Михаил Козырев - Пятое приключение Гулливера
На следующее же утро при содействии Витмана я был одет в новенькое, с иголочки, платье, в кармане у меня был паспорт и партийный билет. К обеду у меня была уже квартира.
— Отличная квартира, — говорил Витман. — Она была до сих пор занята остатками одного буржуазного семейства, всячески пытавшегося скрыть свое происхождение. Только вчера их вывели на чистую воду и теперь переселят в подвал. Вам очень повезло, — добавил он, — теперь так трудно получить приличное помещение…
Мы поехали осматривать квартиру. Она помещалась в доме номер семь по Большой Дворянской улице. Я очень любил это место: чугунные узоры на ограде дворца Кшесинской, голубой купол мечети, Петропавловская крепость и вздыбивший кошачью спину Троицкий мост. А исторические воспоминания? Александровский парк — отсюда девятого января шли толпы рабочих к царю, здесь озверевшие солдаты и казаки расстреливали пытавшихся спрятаться за деревья мальчишек. Помню, в детстве сюда приводил меня отец показывать домик Петра Великого — память о том времени, когда героическими усилиями народа был построен этот город — окно в Европу.

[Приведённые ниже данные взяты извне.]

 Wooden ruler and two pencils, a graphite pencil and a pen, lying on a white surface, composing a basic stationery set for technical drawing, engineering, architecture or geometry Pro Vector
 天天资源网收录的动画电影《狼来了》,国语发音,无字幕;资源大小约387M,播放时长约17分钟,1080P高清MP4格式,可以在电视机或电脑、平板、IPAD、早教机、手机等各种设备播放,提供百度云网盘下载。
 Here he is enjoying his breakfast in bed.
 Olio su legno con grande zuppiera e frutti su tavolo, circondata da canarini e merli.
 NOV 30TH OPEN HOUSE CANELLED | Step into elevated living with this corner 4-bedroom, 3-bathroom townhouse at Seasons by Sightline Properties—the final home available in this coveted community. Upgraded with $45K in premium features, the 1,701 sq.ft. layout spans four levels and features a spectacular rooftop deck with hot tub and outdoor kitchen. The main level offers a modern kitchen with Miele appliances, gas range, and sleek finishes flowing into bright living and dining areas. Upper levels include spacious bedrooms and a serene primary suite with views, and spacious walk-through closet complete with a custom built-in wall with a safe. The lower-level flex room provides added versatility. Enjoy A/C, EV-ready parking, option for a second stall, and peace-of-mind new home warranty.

Местность изменилась мало, как будто сорок лет прошли без следа. Все было так же, как и тогда, если не считать одного несущественного обстоятельства: новых названий. Названия эти очень щедро давались в первые годы революции и должны были напоминать о наиболее важных моментах в истории революционной борьбы. Мне хотелось познакомиться с происхождением некоторых из них, но когда я спросил Витмана, кто такой Блохин, именем которого названа одна из улиц, тот, поморщившись, сказал:
— Зачем вам это знать? Никто не знает!..
Меня заинтересовало, как далеко зашло это переименование, не переименован ли и домик Петра Великого, но от этого вопроса я воздержался.

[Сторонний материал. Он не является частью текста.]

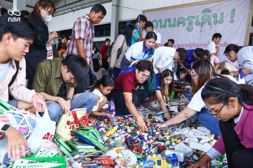 แล้วระหว่างที่เสียงจากเวทีเสวนาเคลื่อนขบวนความร่วมมือ ‘All For Education – Education For All: การกระจายทรัพยากรการศึกษาเพื่อโรงเรียนพื้นที่ห่างไกล’ เริ่มเคลื่อนไหวที่อีกฟากฝั่งของโรงเรียน เสียงสัญญาณนับจาก 10 ถึง 0 ก็เสร็จสิ้น บ่งบอกว่าถนนครูเดินครั้งที่ 1 จังหวัดเชียงรายได้เปิดขึ้นแล้วอย่างเป็นทางการ เมื่อนั้นคุณครูจึงทยอยกันเข้าไปเลือกสิ่งของที่เรียงรายจนเต็มพื้นที่อาคาร ตั้งแต่ชุดนักเรียน อุปกรณ์การเรียน รองเท้า กระเป๋า หนังสือ อุปกรณ์กีฬา สื่อการสอน ถ้วยชามจานช้อน เครื่องดนตรี แฟ้มเอกสาร คลิปหนีบกระดาษ ดินสอสี สีน้ำ ชอล์ก พู่กัน จานสี ฯลฯ ไปจนถึงของเล่นเสริมพัฒนาการต่าง ๆ ด้วยหมายใจจะนำสิ่งขาดแคลนไปเติมเต็มความขาดพร่อง ณ โรงเรียนบนดอยสูง ซึ่งอยู่ไกลแสนไกลจากโอกาส
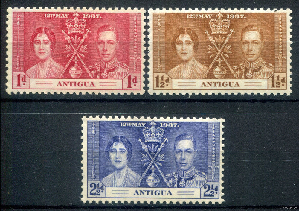 Британские колонии - Антигуа - 1937г. - коронация короля Георга VI и королевы Елизаветы - 3 марки - полная серия, MH, последняя марка с незначительной вмятинкой (не видна на лицевой стороне) [Mi 75-77]. #2-Bc-D-KS-1
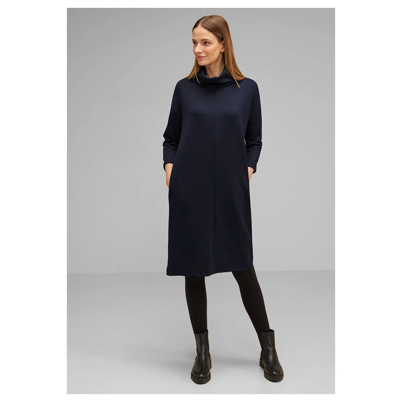 Komfort und Stil in seiner schönsten Form! Das Kleid von Street One ist mehr als nur ein Kleidungsstück. Mit seinem einladenden Volumen-Stehkragen und den praktischen seitlichen Eingriffstaschen verströmt es pure Gemütlichkeit und lädt dazu ein, sich rundum wohlzufühlen. Dieses unifarbene Damenkleid ist wie geschaffen für entspannte Stunden in der Freizeit und begleitet Sie stilvoll durch den Alltag.
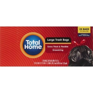 Smart buys for every home At Total Home, we know your home and family deserve the best. Our full range of hardworking products deliver great performance and a smart value.25 BAGS 30 GALLON -- Extra Th…
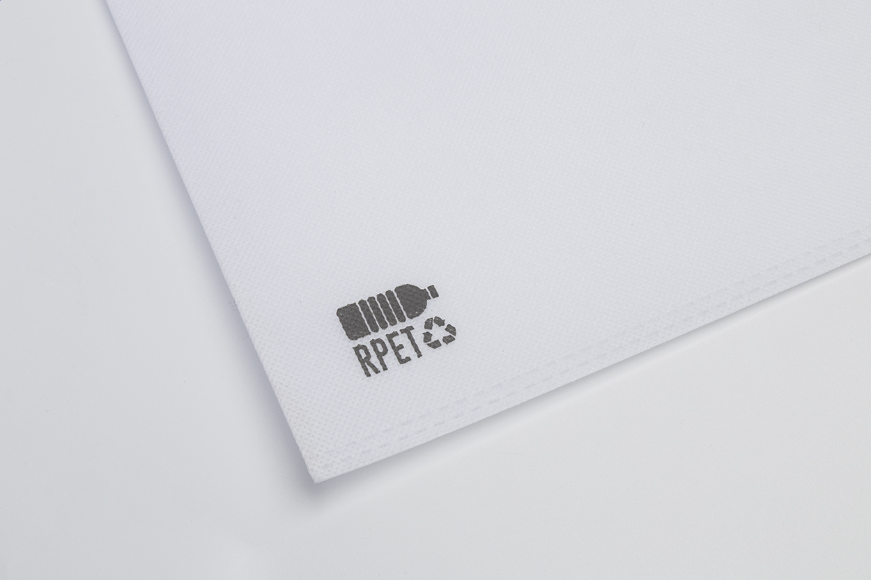 RPET non-woven shopping bag with die-cut handles, 70 g/m². With distinctive RPET sign.
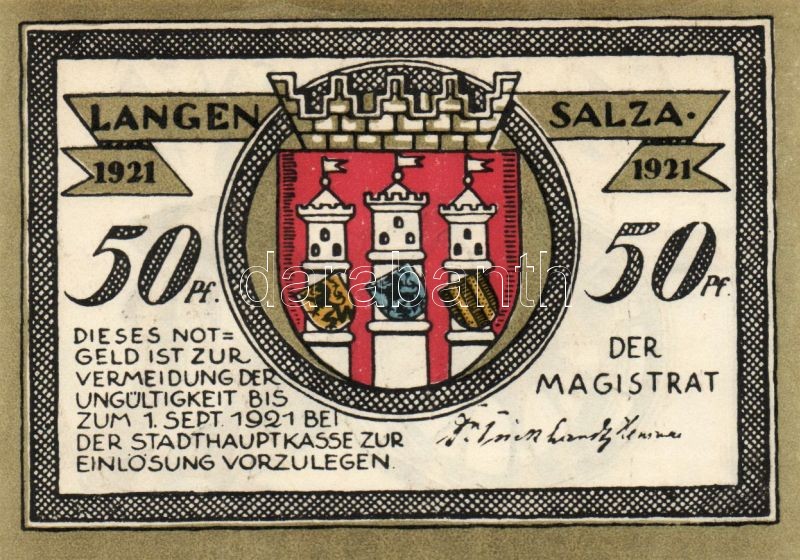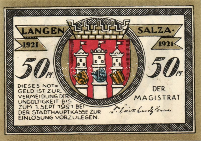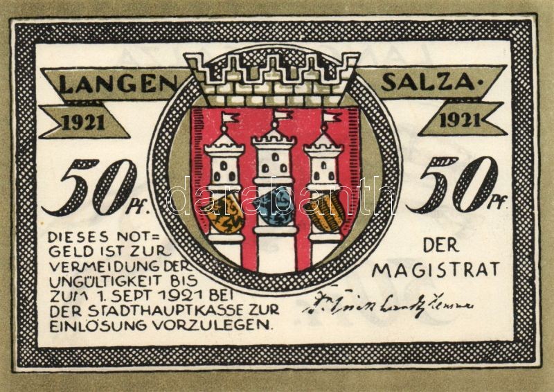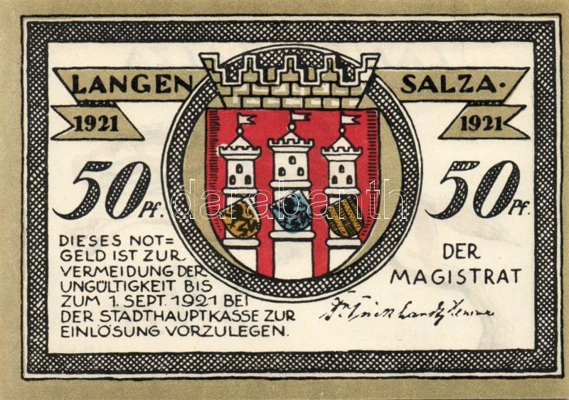 Német Birodalom/Weimari Köztársaság/ Langensalza 1921. 50Pf(6x) 6klf d... https://www.darabanth.com/de/95-Fernauktion/95.0/Numismatik/~379/Nemet-BirodalomWeimari-Koztarsasag-Langensalza-1921-50Pf6x-6klf-db-teljes-sor-TI~II219847
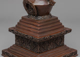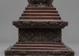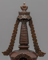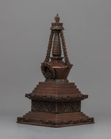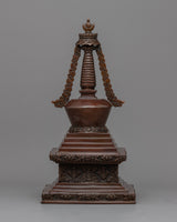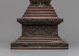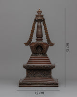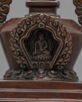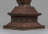 A Tibetan Chorten Stupa is a religious structure depicting the Buddha's enlightened mind and the journey to enlightenment. This stupa stands 12.2 inches tall and is carved on an oxidized Copper body. It has a square foundation and a dome-shaped structure on top, representing the five pure elements of earth, water, fire, air, and space. Intricate carvings and engravings represent different Buddhist symbols and chants on the stupa. Circumambulating a stupa while reciting mantras is thought to help one acquire merit and purify negative karma.

Во дворе дома номер семь увидал я двух женщин: старушку в очках, очень бедно одетую, и милую девушку лет двадцати двух, показавшуюся мне красавицей. Она напомнила мне… Ну да я не буду говорить, кого она мне напомнила… Такие же ясные глаза и белокурые волосы… Они посторонились, чтобы пропустить нас. Я снял шляпу и раскланялся. Девушка не ответила на мое приветствие, а Витман с удивлением посмотрел на меня. Девушка отвернулась, и я заметил, что на глазах ее показались слезы.
— Это выселенное буржуазное семейство, — шепнул мне Витман. Мне стало жаль девушку, и я, подойдя к ней, сказал:
— Уверяю вас, что я не хотел сделать вам неприятности…
Но Витман не дал мне кончить начатой фразы — он отвел меня в сторону и предупредил, что я не имею права разговаривать с этой девушкой. Я удивился.
— Ведь она из другого класса, — объяснил он.
Это объяснение мало удовлетворило меня, я понял только, что надо до поры до времени не возражать и не расспрашивать.
Мы прошли в квартиру.
Вещи не были вынесены, и во всей обстановке чувствовалась рука заботливой хозяйки. Большие книжные шкафы, картины на стенах, безделушки на полочках.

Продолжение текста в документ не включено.